▸ Work to complete
With pictures left out, output exactly the lines of the listing below from the line that has "新华日报党建:江苏省无锡交通高等职业技术学校: 高质量党建赋能人才培养高质量" to the line that has "Bereits der Eingangsbereich", both lines kept.
BEGIN
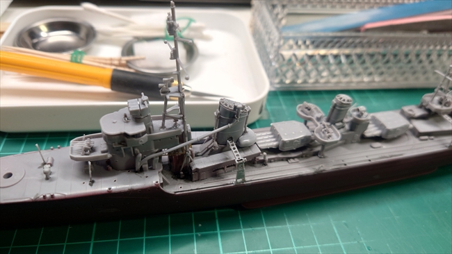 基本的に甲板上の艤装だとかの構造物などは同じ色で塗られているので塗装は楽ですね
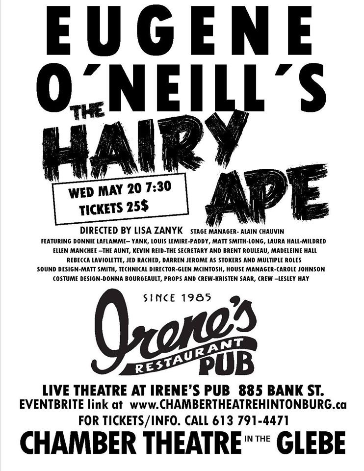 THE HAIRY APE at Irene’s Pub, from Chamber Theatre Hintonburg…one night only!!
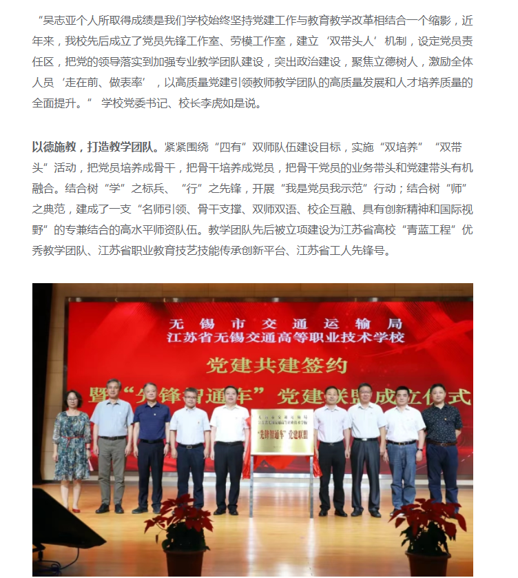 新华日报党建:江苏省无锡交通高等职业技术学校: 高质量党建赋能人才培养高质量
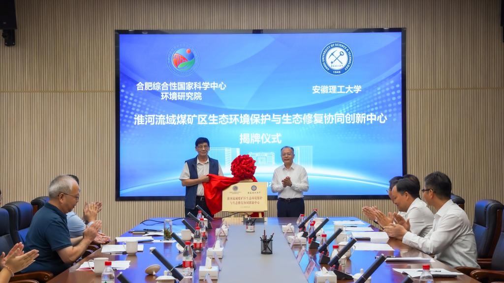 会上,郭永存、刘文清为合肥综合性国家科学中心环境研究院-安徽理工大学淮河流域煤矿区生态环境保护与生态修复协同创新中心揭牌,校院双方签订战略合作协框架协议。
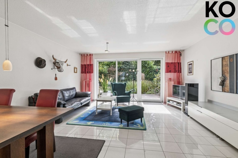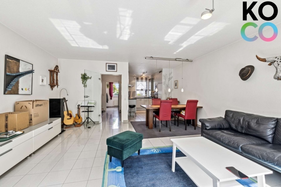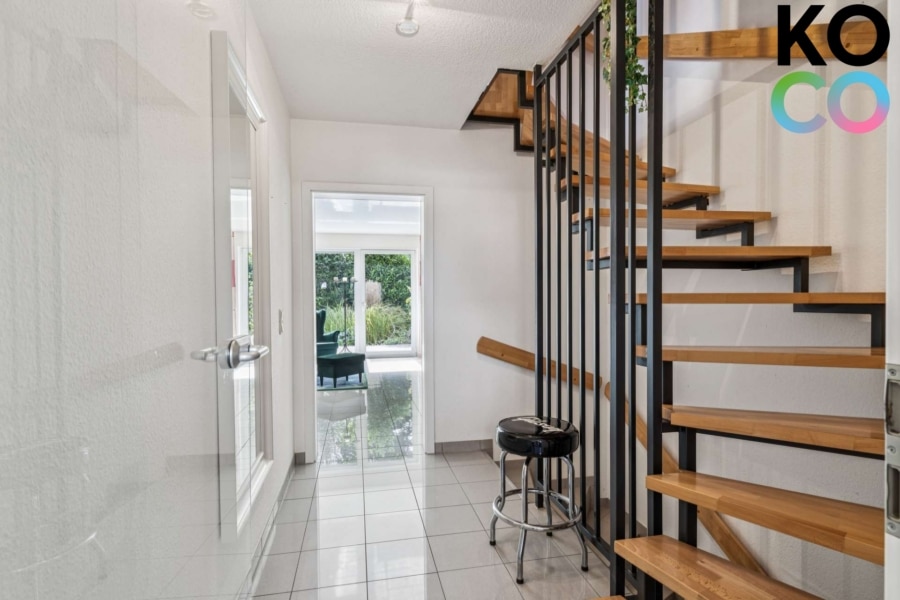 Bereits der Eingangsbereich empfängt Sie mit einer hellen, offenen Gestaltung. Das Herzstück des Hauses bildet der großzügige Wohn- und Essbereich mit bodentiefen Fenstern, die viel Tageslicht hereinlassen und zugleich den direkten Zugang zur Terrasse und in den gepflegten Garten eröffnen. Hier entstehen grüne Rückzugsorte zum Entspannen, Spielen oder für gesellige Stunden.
END
BEGIN
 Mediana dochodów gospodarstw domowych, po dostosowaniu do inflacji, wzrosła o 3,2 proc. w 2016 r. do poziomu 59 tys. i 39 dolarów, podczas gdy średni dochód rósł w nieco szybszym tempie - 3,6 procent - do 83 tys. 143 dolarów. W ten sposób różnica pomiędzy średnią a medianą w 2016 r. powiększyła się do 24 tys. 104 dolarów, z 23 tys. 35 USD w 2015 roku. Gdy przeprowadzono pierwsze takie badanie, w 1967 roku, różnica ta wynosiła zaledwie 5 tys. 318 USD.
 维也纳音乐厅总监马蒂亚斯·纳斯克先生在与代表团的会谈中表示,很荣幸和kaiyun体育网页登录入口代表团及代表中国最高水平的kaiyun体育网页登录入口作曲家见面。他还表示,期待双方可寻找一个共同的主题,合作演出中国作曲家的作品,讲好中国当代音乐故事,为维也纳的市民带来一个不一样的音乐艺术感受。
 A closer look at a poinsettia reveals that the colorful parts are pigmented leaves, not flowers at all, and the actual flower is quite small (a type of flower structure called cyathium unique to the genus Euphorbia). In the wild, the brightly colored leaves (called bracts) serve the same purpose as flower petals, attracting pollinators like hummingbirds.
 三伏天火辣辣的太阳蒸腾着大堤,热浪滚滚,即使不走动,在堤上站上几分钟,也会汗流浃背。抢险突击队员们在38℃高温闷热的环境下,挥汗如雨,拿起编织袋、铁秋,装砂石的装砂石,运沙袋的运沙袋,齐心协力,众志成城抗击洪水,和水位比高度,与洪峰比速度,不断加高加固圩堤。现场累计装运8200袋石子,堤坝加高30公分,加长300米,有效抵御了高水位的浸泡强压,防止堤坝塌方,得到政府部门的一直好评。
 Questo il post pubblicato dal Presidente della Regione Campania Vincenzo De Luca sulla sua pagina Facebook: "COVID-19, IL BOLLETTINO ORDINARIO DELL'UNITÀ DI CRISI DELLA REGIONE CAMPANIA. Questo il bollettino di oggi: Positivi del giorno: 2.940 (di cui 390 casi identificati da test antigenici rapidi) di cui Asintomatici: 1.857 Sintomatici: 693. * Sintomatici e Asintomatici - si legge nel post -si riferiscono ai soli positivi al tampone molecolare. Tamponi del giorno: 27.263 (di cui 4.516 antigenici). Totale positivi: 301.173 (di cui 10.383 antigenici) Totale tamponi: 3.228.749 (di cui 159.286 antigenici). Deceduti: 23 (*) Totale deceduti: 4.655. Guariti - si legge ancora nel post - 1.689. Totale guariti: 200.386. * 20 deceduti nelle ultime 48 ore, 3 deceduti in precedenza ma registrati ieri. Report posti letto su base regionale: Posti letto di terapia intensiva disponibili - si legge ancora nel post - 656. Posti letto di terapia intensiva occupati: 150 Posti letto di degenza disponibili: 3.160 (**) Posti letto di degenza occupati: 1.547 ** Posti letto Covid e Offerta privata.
END
BEGIN
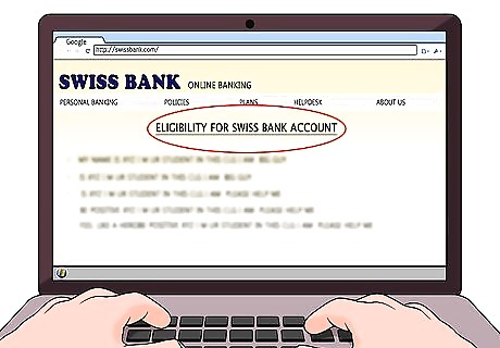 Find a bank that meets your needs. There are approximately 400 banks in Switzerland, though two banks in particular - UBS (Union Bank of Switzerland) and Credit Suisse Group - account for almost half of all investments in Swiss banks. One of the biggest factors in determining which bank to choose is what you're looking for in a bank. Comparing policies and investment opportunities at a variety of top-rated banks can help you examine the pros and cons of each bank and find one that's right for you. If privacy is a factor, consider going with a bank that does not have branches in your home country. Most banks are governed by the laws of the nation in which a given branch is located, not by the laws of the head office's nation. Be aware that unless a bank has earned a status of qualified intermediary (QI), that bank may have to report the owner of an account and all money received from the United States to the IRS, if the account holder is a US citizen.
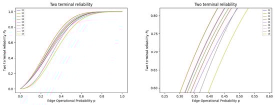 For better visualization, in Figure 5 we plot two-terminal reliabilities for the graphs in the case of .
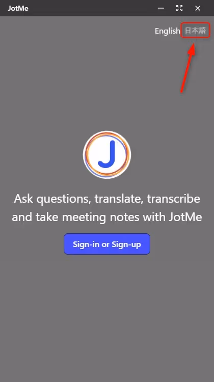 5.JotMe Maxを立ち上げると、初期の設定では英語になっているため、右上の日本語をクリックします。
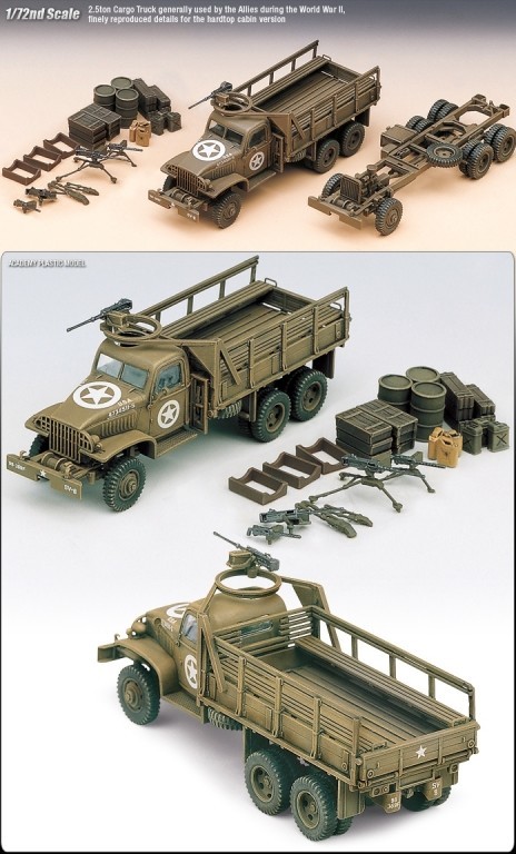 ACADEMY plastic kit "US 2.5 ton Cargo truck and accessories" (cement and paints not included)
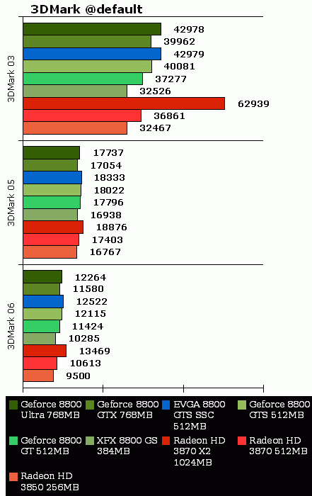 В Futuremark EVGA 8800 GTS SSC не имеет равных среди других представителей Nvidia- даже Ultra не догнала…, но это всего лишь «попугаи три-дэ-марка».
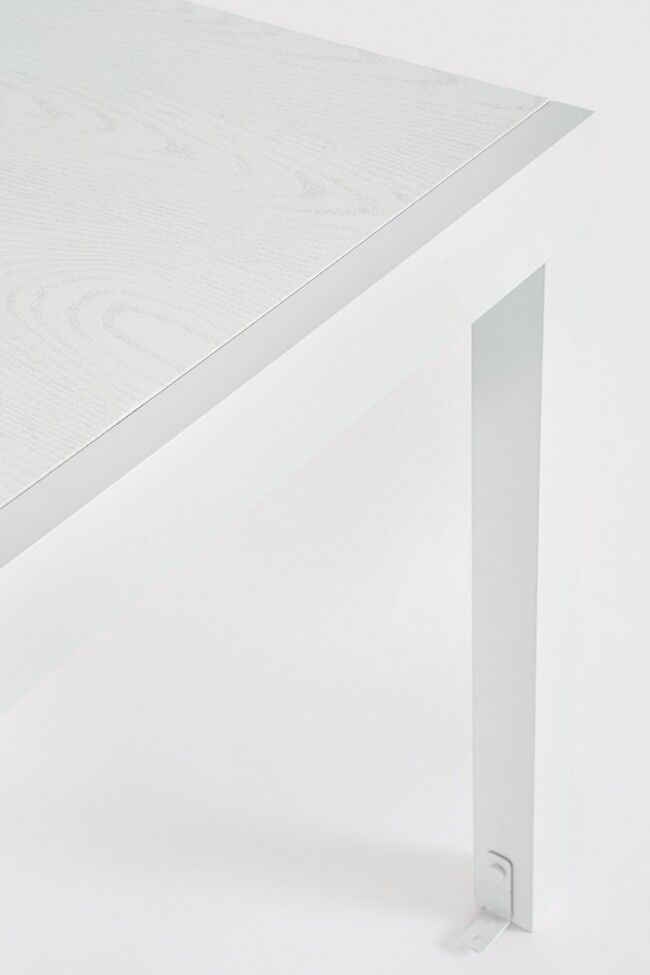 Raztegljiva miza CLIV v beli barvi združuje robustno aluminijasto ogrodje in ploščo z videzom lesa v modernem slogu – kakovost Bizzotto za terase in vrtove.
END
▸ Result of the exercise
 新华日报党建:江苏省无锡交通高等职业技术学校: 高质量党建赋能人才培养高质量
 会上,郭永存、刘文清为合肥综合性国家科学中心环境研究院-安徽理工大学淮河流域煤矿区生态环境保护与生态修复协同创新中心揭牌,校院双方签订战略合作协框架协议。
 Bereits der Eingangsbereich empfängt Sie mit einer hellen, offenen Gestaltung. Das Herzstück des Hauses bildet der großzügige Wohn- und Essbereich mit bodentiefen Fenstern, die viel Tageslicht hereinlassen und zugleich den direkten Zugang zur Terrasse und in den gepflegten Garten eröffnen. Hier entstehen grüne Rückzugsorte zum Entspannen, Spielen oder für gesellige Stunden.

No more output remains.